Under a nonlinear change of variable, a probability density transforms differently from a simple function due to the Jacobian factor. Consider a change of variables $x=g(y)$, then $f(x)$ becomes $\tilde{f}(y) = f(g(y))$. Consider a probability density $p_x(x)$ that corresponds to a density $p_y(y)$ with respect to the new variable $y$. Observations falling in the range $(x, x+\delta x)$ will, for small values of $\delta x$ be transformed into the range $(y,y+\delta y)$ where $p_x(x)\delta x \simeq p_y(y)\delta y$, hence

$$
\begin{aligned}
p_y(y) & = p_x(x)\bigg\vert\frac{\mathrm{d}x}{\mathrm{d}y}\bigg\vert\\
& = p_x(g(y))\vert g'(y)\vert
\end{aligned}
$$
One consequence of this property is the concept of the maximum of a probability density is dependent on the choice of variable

The probability that $x$ lies in the interval $(-\infty, z)$ is given by the *cumulative distribution function* defined by

$$
P(z) = \int_{-\infty}^z p(x)~\mathrm{d}x
$$
which satisfies $P'(x)=p(x)$.

If we have several continuous variables $x_1,...,x_D$, denoted collectively by the vector $\mathbf{x}$, then we can define a joint probability density $p(\mathbf{x})=p(x_1,...,x_D)$ such that the probability of $\mathbf{x}$ falling in an infinitesimal volume $\delta\mathbf{x}$ containing the point $\mathbf{x}$ is given by $p(\mathbf{x})\delta\mathbf{x}$. This multivariate probability density must satisfy

$$
\begin{aligned}
p(\mathbf{x} & \geqslant 0 \\
\int_{}^{}p(\mathbf{x})~\mathrm{d}x & = 1
\end{aligned}
$$
in which the integral is taken over the whole of $\mathbf{x}$ space.
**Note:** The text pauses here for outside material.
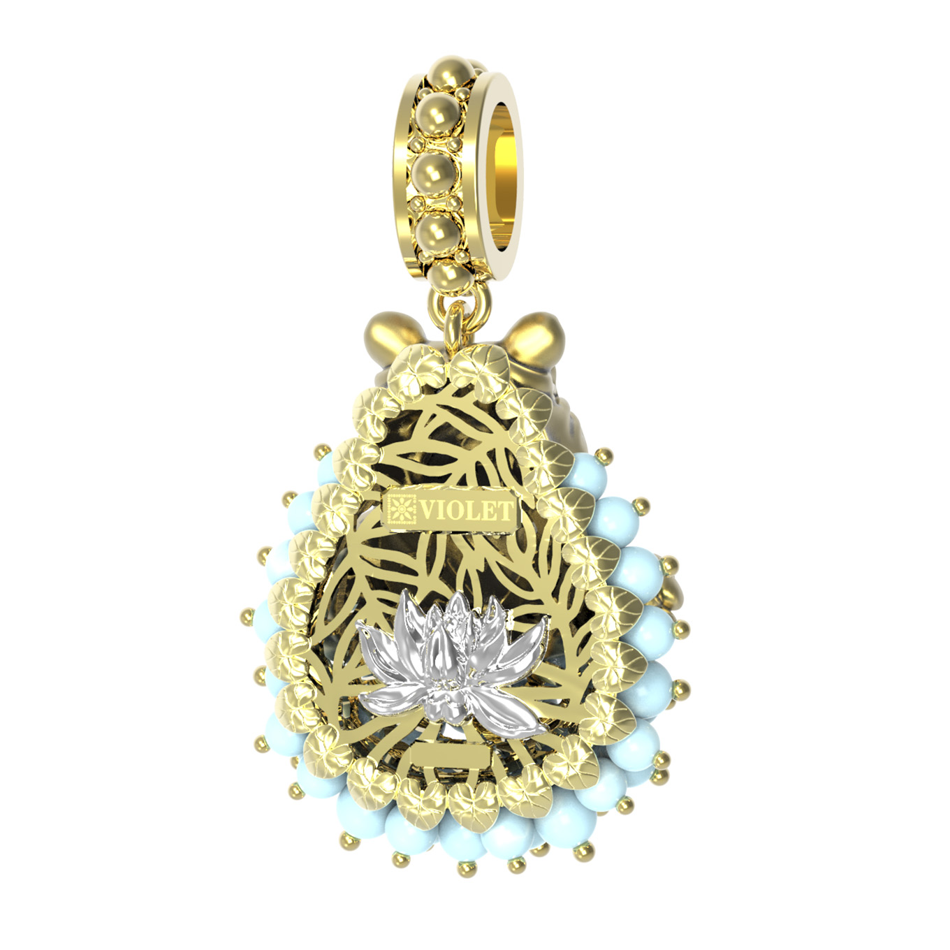 Подвеска из лимонного золота c эмалью и бирюзой

We can also consider ajoint probability distributions over a combination of discrete and continuous variables. If $x$ is a discrete variable, then $p(x)$ is called a *probability mass function*.
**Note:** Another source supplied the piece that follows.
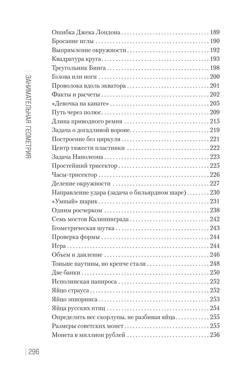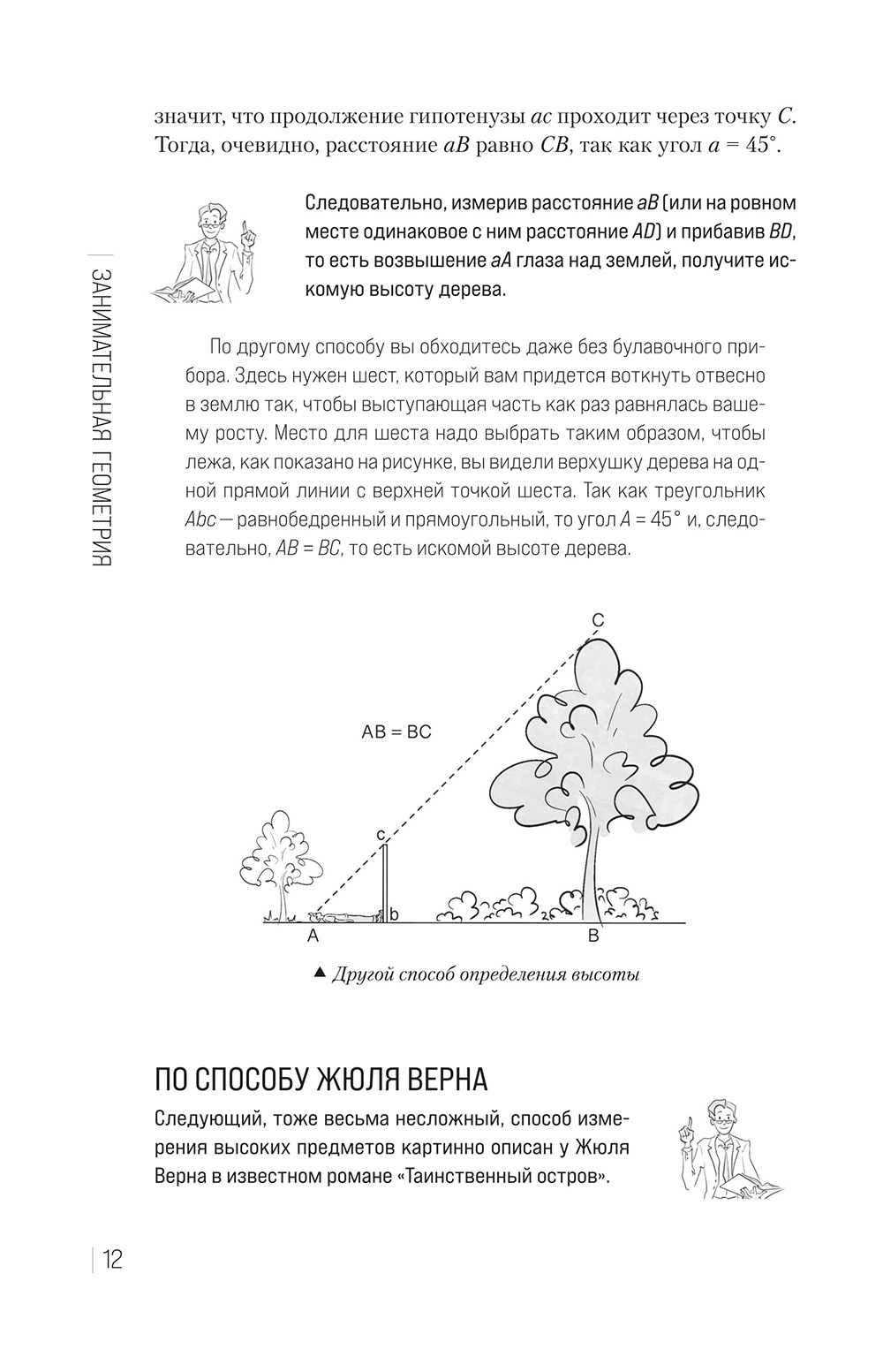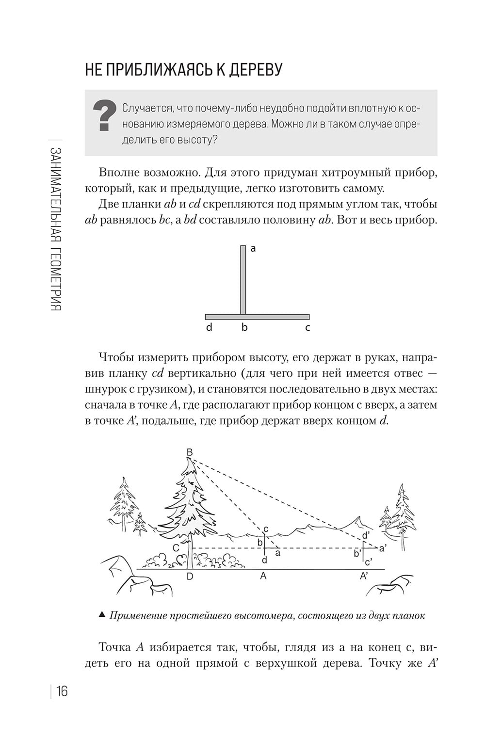 Яков Перельман доказывает, что геометрия - вовсе не «кабинетная» наука, созданная для мучения школьников. В каждом разделе этой книги собраны задачи и истории, которые помогут не только с легкостью запомнить сложные формулы, но и применить их на практике. Перельман разбирает не только известные теоремы, но и практичные житейские вопросы. Как измерить окружность стакана без линейки и сантиметра или сосчитать, сколько звезд отражается на поверхности реки? Почему у деревянных бочек выпуклые бока? Вы начнете получать удовольствие от науки и станете замечать законы геометрии повсюду: на улице, дома - и даже в художественной литературе! В «Занимательной геометрии», к примеру, рассказывается о том, какие геометрические ошибки допустили в своих книгах Свифт и Пушкин. Книга будет интересна не только детям, но и взрослым, а иллюстрации и схемы помогут лучше понять и усвоить материал.

The sum and product rules of probability, as well as Bayes' theorem, apply equally to the case of probability densities, or to combinations of discrete and continous variables. If $x$ and $y$ are two real variables, then the sum and product rules take the form

$$
\begin{aligned}
p(x) & = \int_{}^{}p(x,y)~\mathrm{d}y \\
p(x,y) & = p(y\vert x)p(x)
\end{aligned}
$$
and Bayes' theorem is given by

$$
p(y\vert x) = \frac{p(x\vert y)(p(y)}{\int_{}^{}p(x,y)~\mathrm{d}y}
$$